(Provided material Opens)

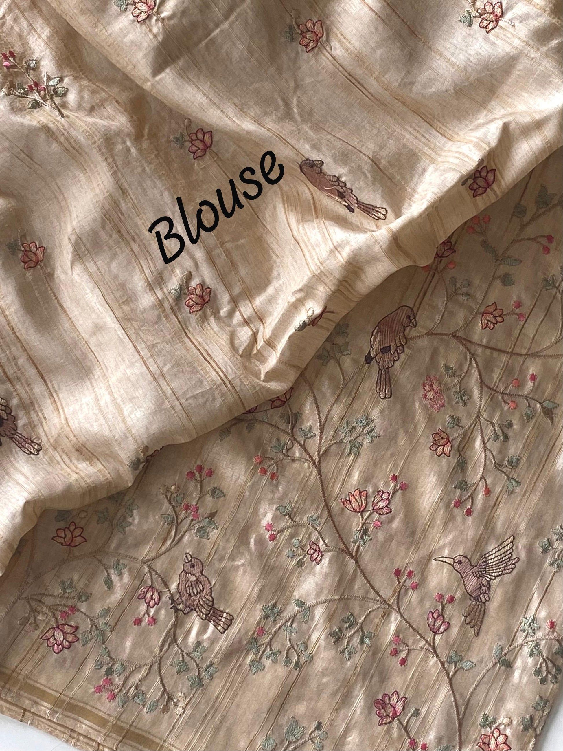 Embrace timeless elegance with our DeviKA catalogue—a celebration of heritage craftsmanship and contemporary design. This exquisite pure loom Tussar saree features all-over designer embroidery patterns, inspired by traditional handloom artistry. Adorned with elegant tassels and a gleaming gold zari border, this saree is a perfect blend of luxury and tradition.
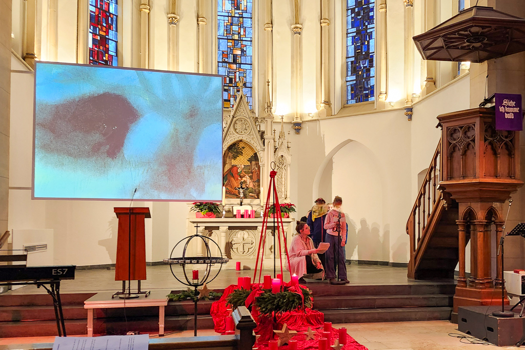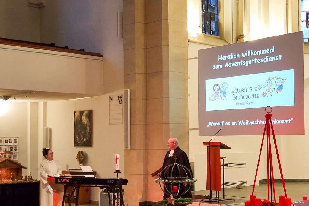 Am 12. Dezember feierten wir unseren Adventsgottesdienst „Worauf es an Weihnachten ankommt“ in der Lutherkirche. Einige Eltern und Großeltern folgten unserer Einladung und nahmen am Gottesdienst teil. Pfarrer Wittekind und Frau Brandt-Gösmann führten durch den Gottesdienst.
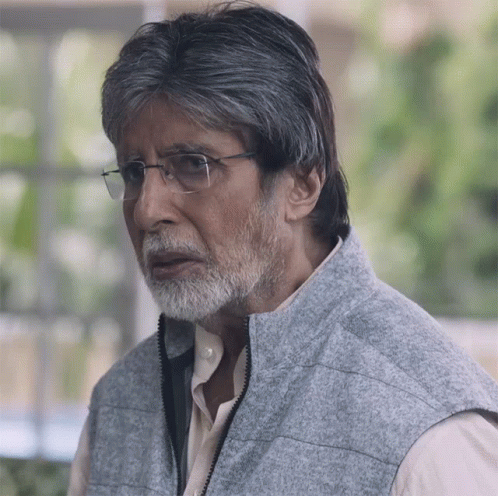Amitabh Bachchan looking up with a thoughtful expression, wearing glasses and a gray vest.
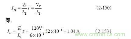 根據上面分析,以及圖2-55和圖2-56,正常工作時,流過高壓包初級線圈的最大電流Im不應該超過極限電流值Imax的70%,由此,可以求得流過高壓包初級線圈的極限電流Imax為1.49 A 。
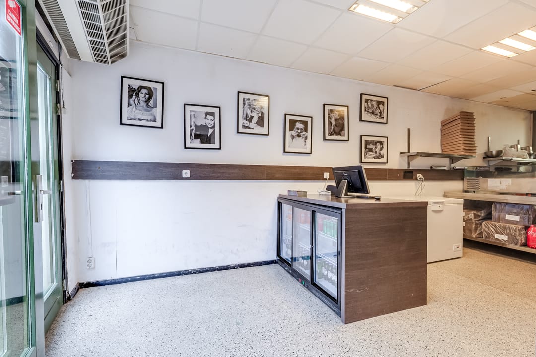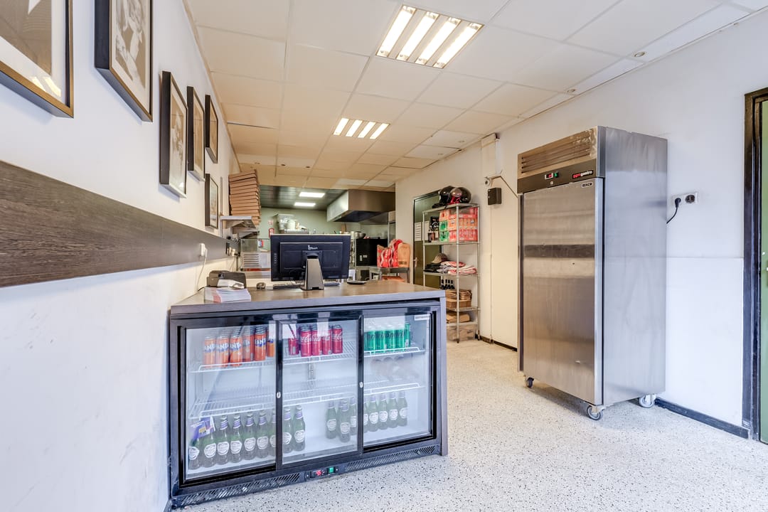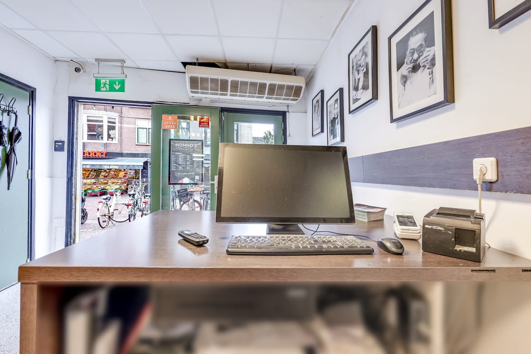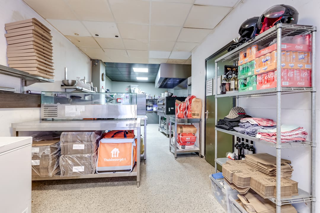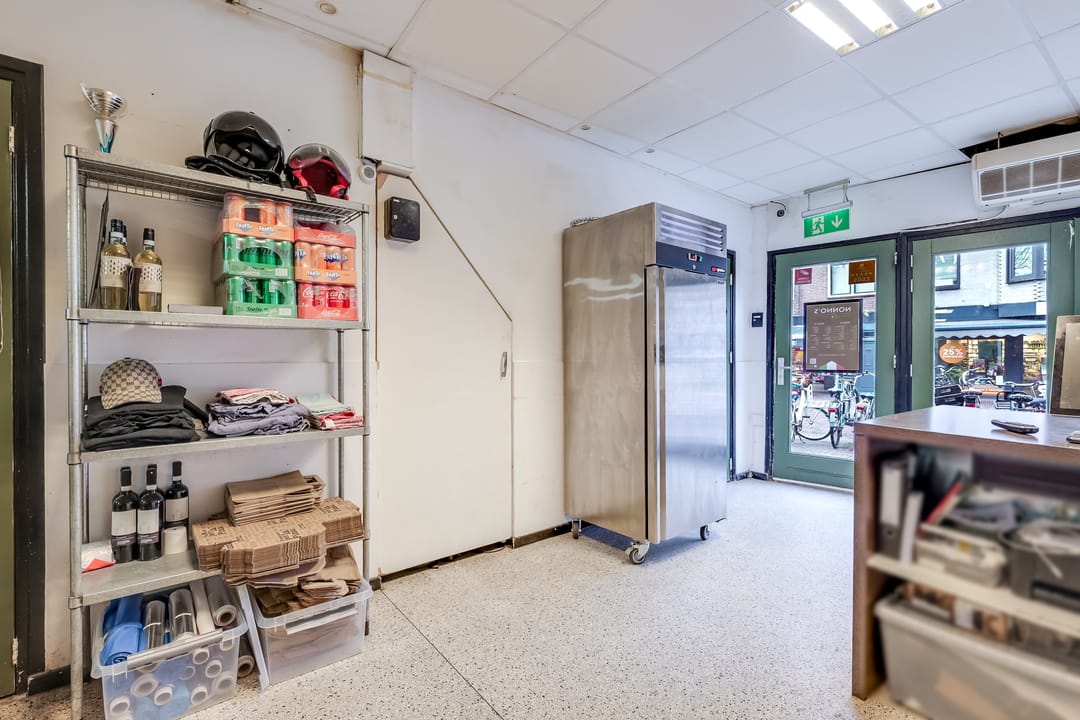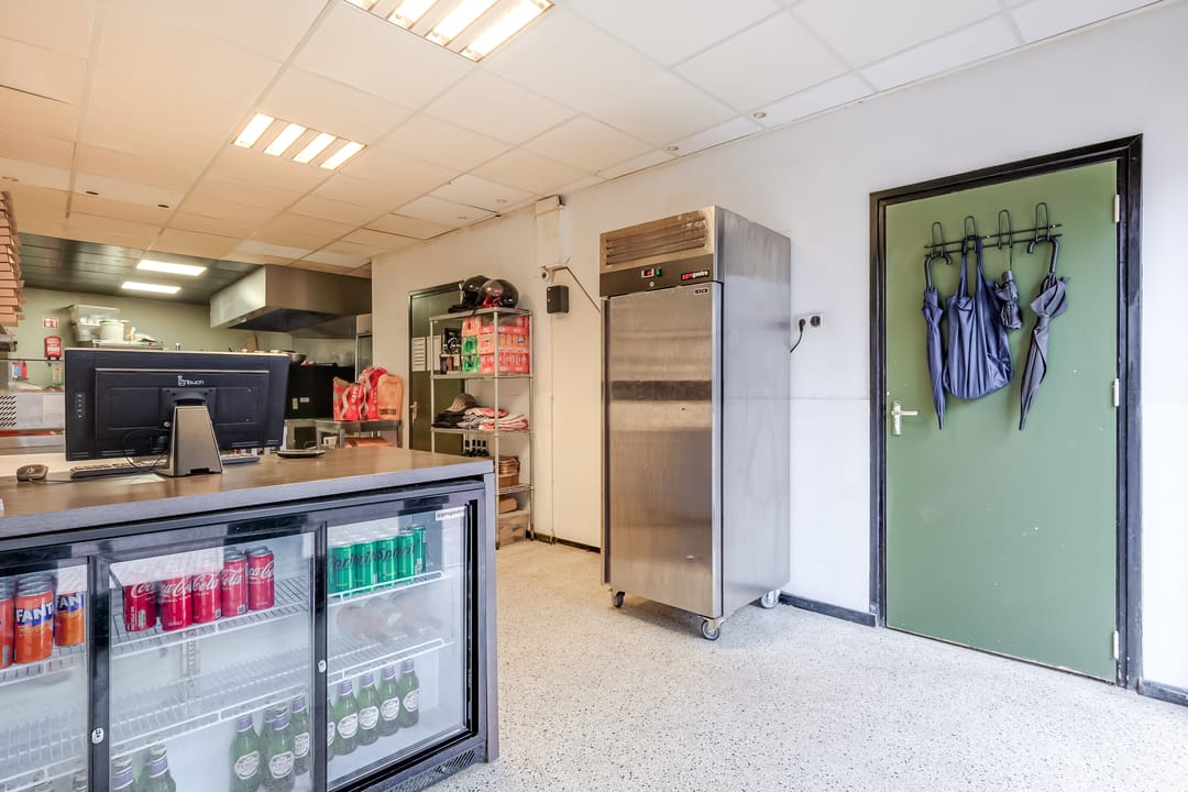 De voorpui bestaat uit een loopdeur en dubbele deuren, die bij mooi weer geopend kunnen worden. Klanten komen binnen in een fraaie en lichte ruimte, met een systeemplafond en inbouwverlichting. Aan de rechterzijde zijn de meterkast, een kast met de HR-ketel en de toiletruimte.
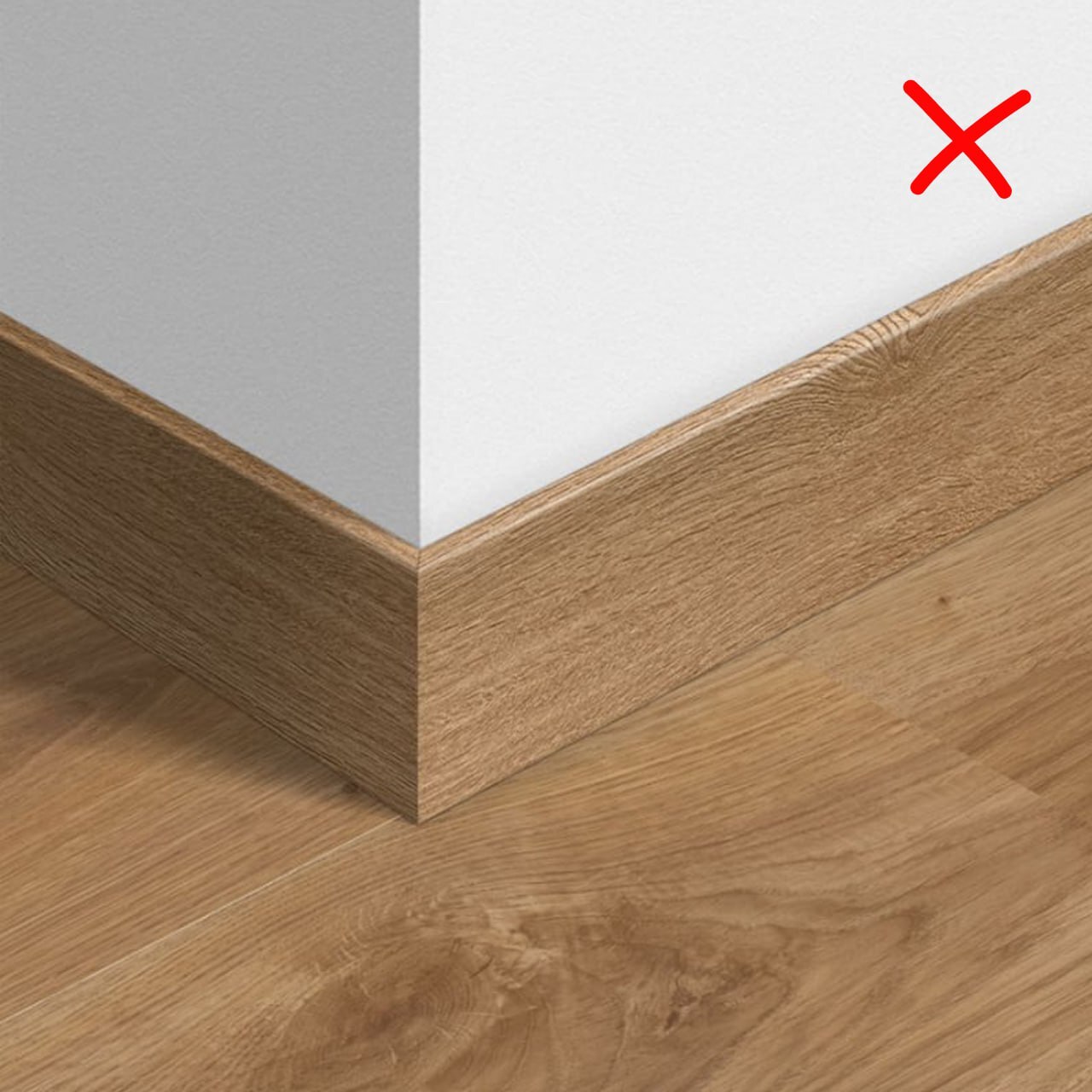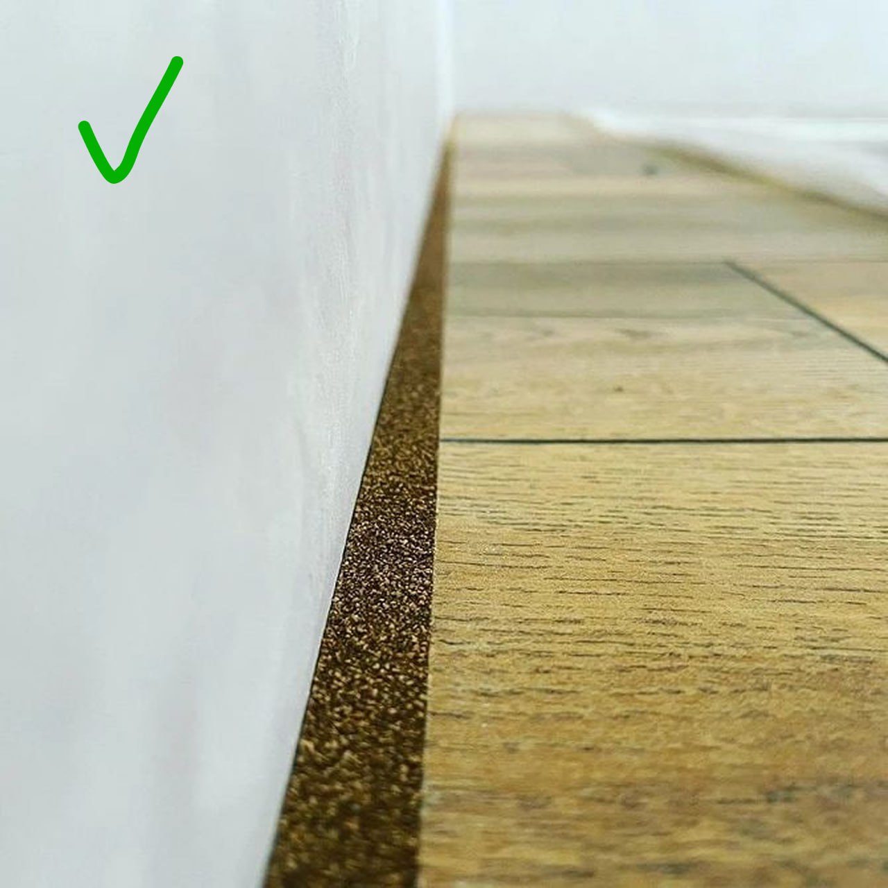 или заполнить пробковым компенсатором, или герметиком, соответствующим покрытию. Вариант подходит только для идеально ровных стен и аккуратных рук мастера. Компенсатор и герметик лучше подбирать в тон или чуть темнее пола:
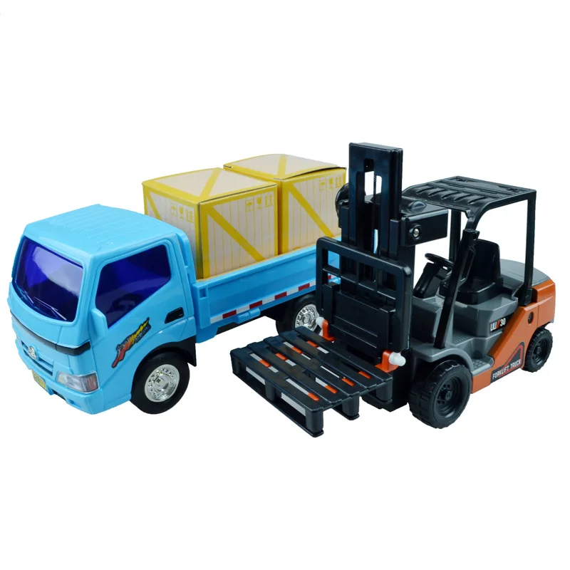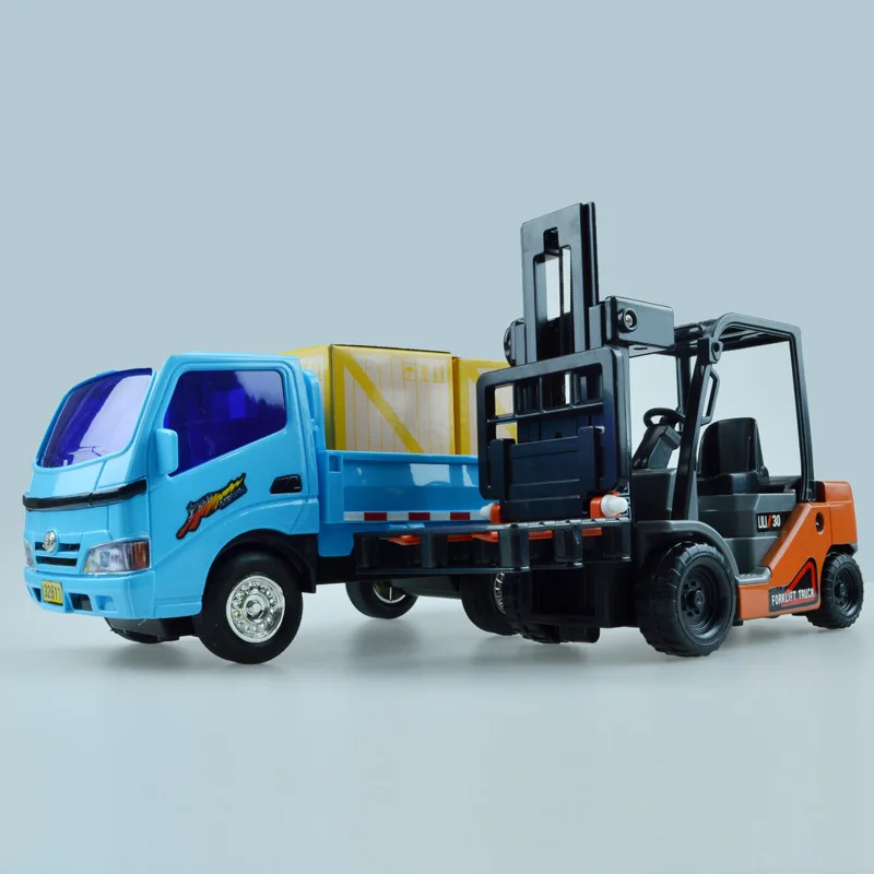 1set boys toy Engineering vehicle flatbed truck+ forklift car model toys plastic Diecast Metal Modl

(Provided material Closes)

Pictures stay out of this copy; write out the entries above exactly.

 Embrace timeless elegance with our DeviKA catalogue—a celebration of heritage craftsmanship and contemporary design. This exquisite pure loom Tussar saree features all-over designer embroidery patterns, inspired by traditional handloom artistry. Adorned with elegant tassels and a gleaming gold zari border, this saree is a perfect blend of luxury and tradition.
 Am 12. Dezember feierten wir unseren Adventsgottesdienst „Worauf es an Weihnachten ankommt“ in der Lutherkirche. Einige Eltern und Großeltern folgten unserer Einladung und nahmen am Gottesdienst teil. Pfarrer Wittekind und Frau Brandt-Gösmann führten durch den Gottesdienst.
Amitabh Bachchan looking up with a thoughtful expression, wearing glasses and a gray vest.
 根據上面分析,以及圖2-55和圖2-56,正常工作時,流過高壓包初級線圈的最大電流Im不應該超過極限電流值Imax的70%,由此,可以求得流過高壓包初級線圈的極限電流Imax為1.49 A 。
 De voorpui bestaat uit een loopdeur en dubbele deuren, die bij mooi weer geopend kunnen worden. Klanten komen binnen in een fraaie en lichte ruimte, met een systeemplafond en inbouwverlichting. Aan de rechterzijde zijn de meterkast, een kast met de HR-ketel en de toiletruimte.
 или заполнить пробковым компенсатором, или герметиком, соответствующим покрытию. Вариант подходит только для идеально ровных стен и аккуратных рук мастера. Компенсатор и герметик лучше подбирать в тон или чуть темнее пола:
 1set boys toy Engineering vehicle flatbed truck+ forklift car model toys plastic Diecast Metal Modl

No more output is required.